JAVA Serializable is a marker interface. When an object has to be transferred over a network ( typically through rmi or EJB) or to persist the state of an object to a file, the object Class needs to implement Serializable interface. Implementing this interface will allow the object converted into bytestream and transfer over a network.
The serialization is used :-
- To send state of one or more object’s state over the network through a socket.
- To save the state of an object in a file.
- An object’s state needs to be manipulated as a stream of bytes.
SerialVersionUID:
During object serialization, the default Java serialization mechanism writes the metadata about the object, which includes the class name, field names and types, and superclass. This class definition is stored as a part of the serialized object. This stored metadata enables the deserialization process to reconstitute the objects and map the stream data into the class attributes with the appropriate type.
Everytime an object is serialized the java serialization mechanism automatically computes a hash value. ObjectStreamClass's computeSerialVersionUID() method passes the class name, sorted member names, modifiers, and interfaces to the secure hash algorithm (SHA), which returns a hash value.The serialVersionUID is also called suid.
So when the serilaize object is retrieved , the JVM first evaluates the suid of the serialized class and compares the suid value with the one of the object. If the suid values match then the object is said to be compatible with the class and hence it is de-serialized. If not InvalidClassException exception is thrown.
Changes to a serializable class can be compatible or incompatible.
Following is the list of changes which are compatible:
- Add fields
- Change a field from static to non-static
- Change a field from transient to non-transient
- Add classes to the object tree
List of incompatible changes:
- Delete fields
- Change class hierarchy
- Change non-static to static
- Change non-transient to transient
- Change type of a primitive field
So, if no suid is present, inspite of making compatible changes, jvm generates new suid thus resulting in an exception if prior release version object is used .
The only way to get rid of the exception is to recompile and deploy the application again.
If we explicitly mention the sUid using the statement:
private final static long serialVersionUID = <integer value>
then if any of the metioned compatible changes are made the class need not to be recompiled.
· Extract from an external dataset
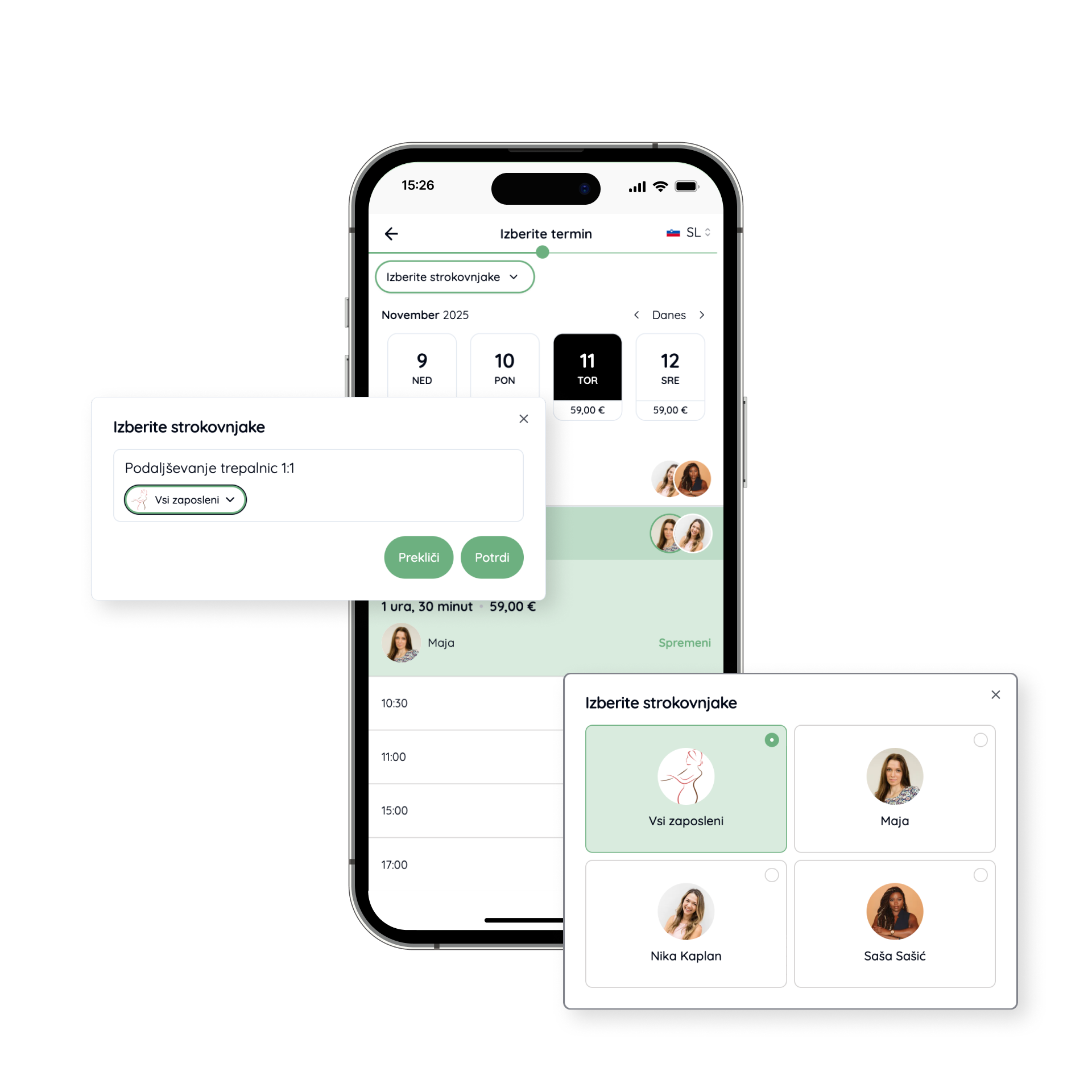Na obrazcu za spletno naročanje lahko vaše stranke zdaj enostavno filtrirajo proste termine glede na izbranega izvajalca. Če ima vaš salon več zaposlenih, se ob izbiri določenega izvajalca prikažejo le njegovi prosti termini – kar poenostavi rezervacijo in zmanjša možnost zmede pri razporejanju.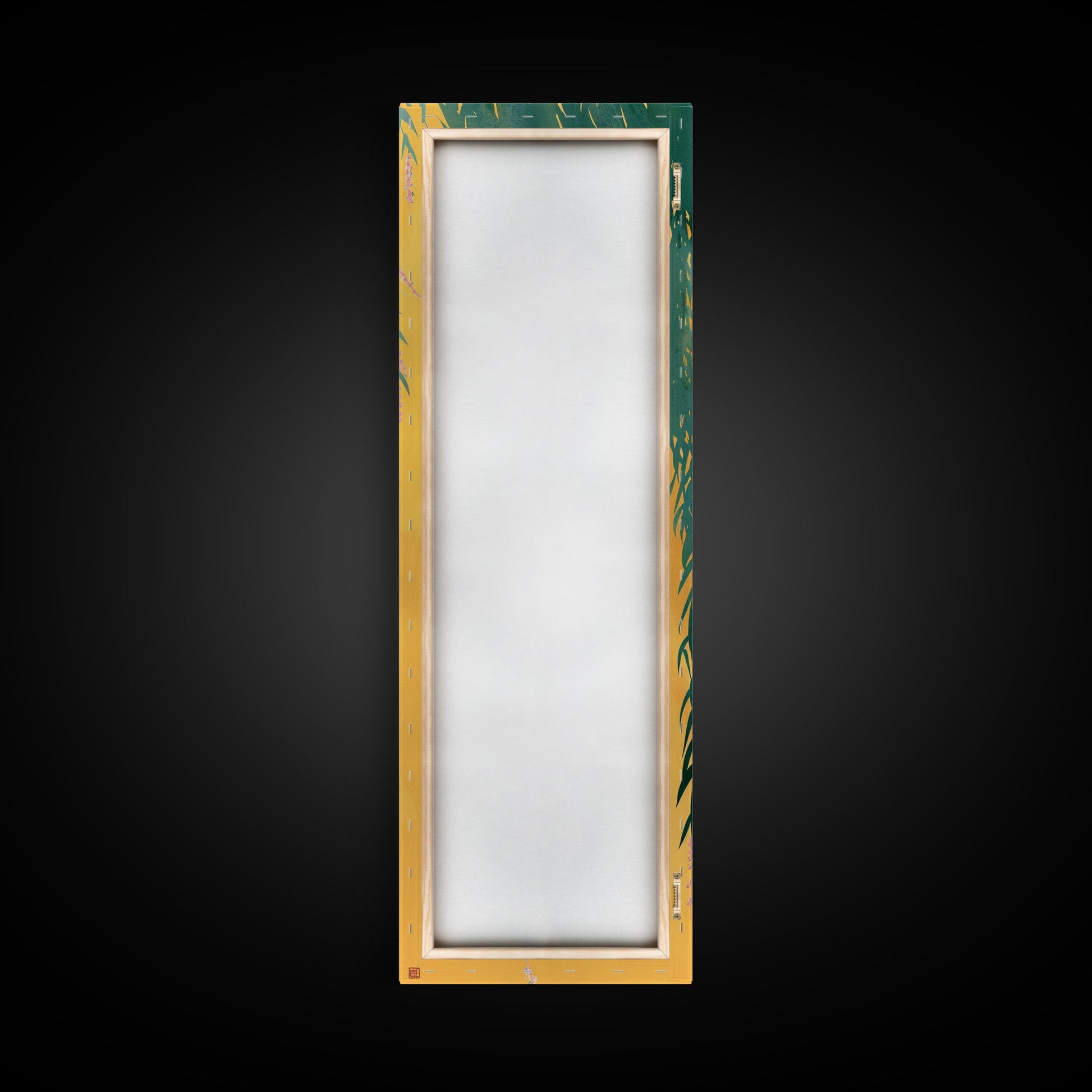Japanese Skinny Art of Wisteria Hanging Over a Golden Background – Framed Canvas Print

But for incompatible changes there is no other way than to compile again.
Different approach to make Java object Serializable:
Besides the Serializable interface, at least three alternate approaches can serialize Java objects:
- For object serialization, instead of implementing the Serializable interface, a developer can implement the Externalizable interface, which extends Serializable. By implementing Externalizable, a developer is responsible for implementing the writeExternal() and readExternal() methods. As a result, a developer has sole control over reading and writing the serialized objects.
- XML serialization is an often-used approach for data interchange. This approach lags runtime performance when compared with Java serialization, both in terms of the size of the object and the processing time. With a speedier XML parser, the performance gap with respect to the processing time narrows. Nonetheless, XML serialization provides a more malleable solution when faced with changes in the serializable object.
- Finally, consider a "roll-your-own" serialization approach. You can write an object's content directly via either the ObjectOutputStream or the DataOutputStream. While this approach is more involved in its initial implementation, it offers the greatest flexibility and extensibility. In addition, this approach provides a performance advantage over Java serialization.